Field of the Invention
The invention generally relates to homogenous, synthetic, small molecules that selectively inhibit the growth of cancer stem cells, for example colorectal cancer stem cells, and prevent replacement or recurrence of the observed cancer.
Background of the Invention
The cancer stem-like cell (CSC) hypothesis has attracted a lot of attention as a unifying hypothesis that explains the shortcomings of current anti-cancer therapeutics and posits a paradigm-shifting direction for the discovery of potential, new anti-cancer agents (1,2). Primary and acquired resistances to cytotoxic therapies play a major role in disease recurrence in a majority of advanced epithelial malignancies including colorectal cancer. This phenomenon is thought to be the result of the extended survival of a small population of CSCs with the ability to self-renew and reconstitute the entire tumor (3). Additionally, the CSCs also possess the ability to invade and metastasize, which is more detrimental in a majority of cases. A new approach is critically needed to prevent disease recurrence arising from inability to destroy CSCs.
A therapeutic paradigm that is gaining momentum is targeting CSCs through either inhibition of CSC self-renewal or induction of differentiation, should be singularly effective in eradicating a tumor (4,5). Further, CSC targeting may display an added advantage of a ‘magic bullet’ because of the possibility of simultaneously treating several types of cancers arising from the mechanistic similarity expected at the CSC level.

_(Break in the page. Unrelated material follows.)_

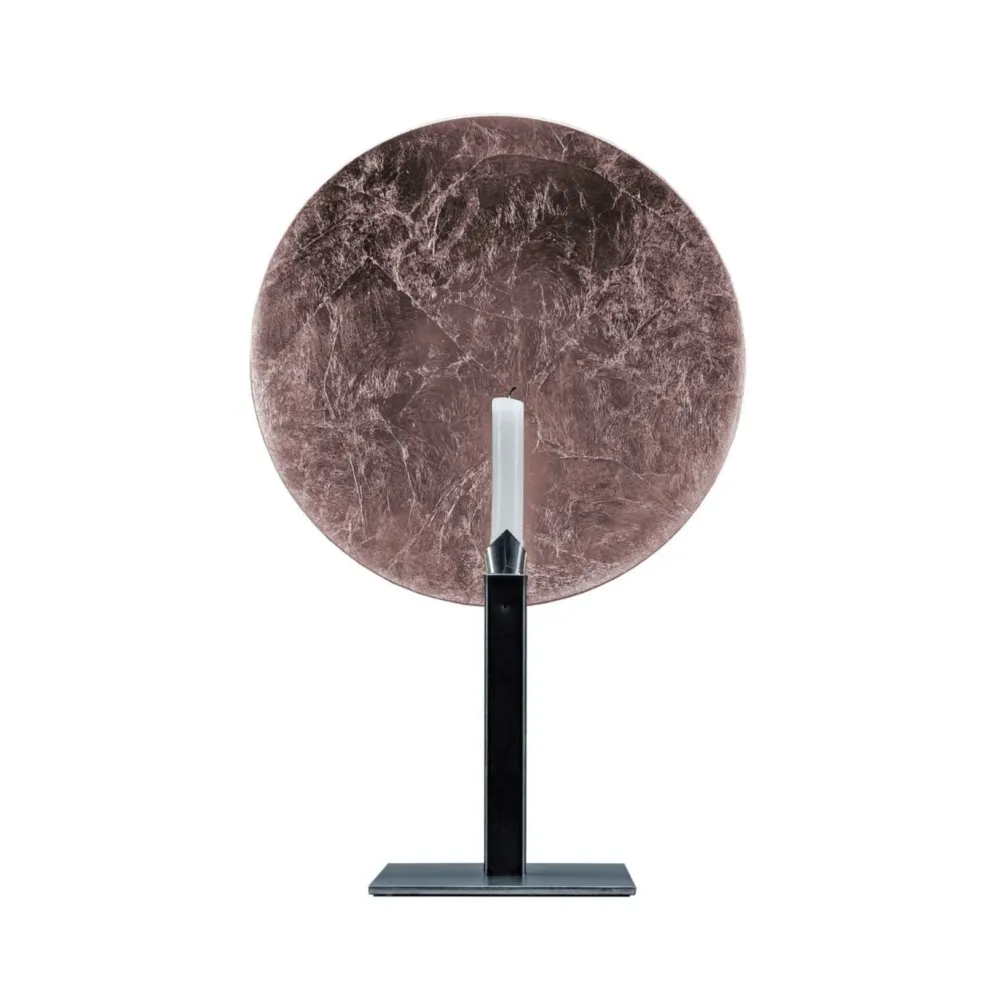 Bougeoir de la collection Luci d’Oro, qui met en avant la matière délicatement travaillée à la main du disque éclairé par la bougie.
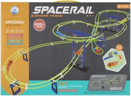 Spacerail rutulinė trasa – puikus pasirinkimas mažiesiems konstruktoriams. Tvirti plastikiniai pagrindai ir atramos patikimai laiko visą konstrukciją, o elastingos dalys leidžia kurti įvairias kilpų, posūkių ir nuokalnių kombinacijas. Vaikai gali statyti pagal instrukciją arba vadovaudamiesi savo fantazija.

Although attractive, targeting CSCs is intrinsically challenging. CSCs comprise only a small percent of the overall tumor cell population, which implies that high-throughput screening (HTS) approaches that utilize bulk cancer cells are likely to not identify CSC-specific agents. Gupta et al. have used epithelial-mesenchymal transition (EMT) in a breast cancer cell line to enhance the proportion of CSCs, which enabled application of HTS on a library of small molecules and extracts. The work resulted in the identification of salinomycin, but not paclitaxel (a known anticancer drug), as a preferential inhibitor of CSCs (6). Recent application of this technology has led to identification of three probes from the NIH Molecular Libraries Program as potent inhibitors of breast CSCs (7-11). While salinomycin is a polyketide synthase-derived natural product, probes ML239, ML243 and ML245 are chemically synthesizable, small hydrophobic molecules. The identification of only four molecules targeting CSC (and that to only breast CSC) in the past five years highlights the difficulty of identifying CSC-based therapeutics. For the CSC paradigm to translate into therapeutic success, a more fundamental and generalizable approach is needed.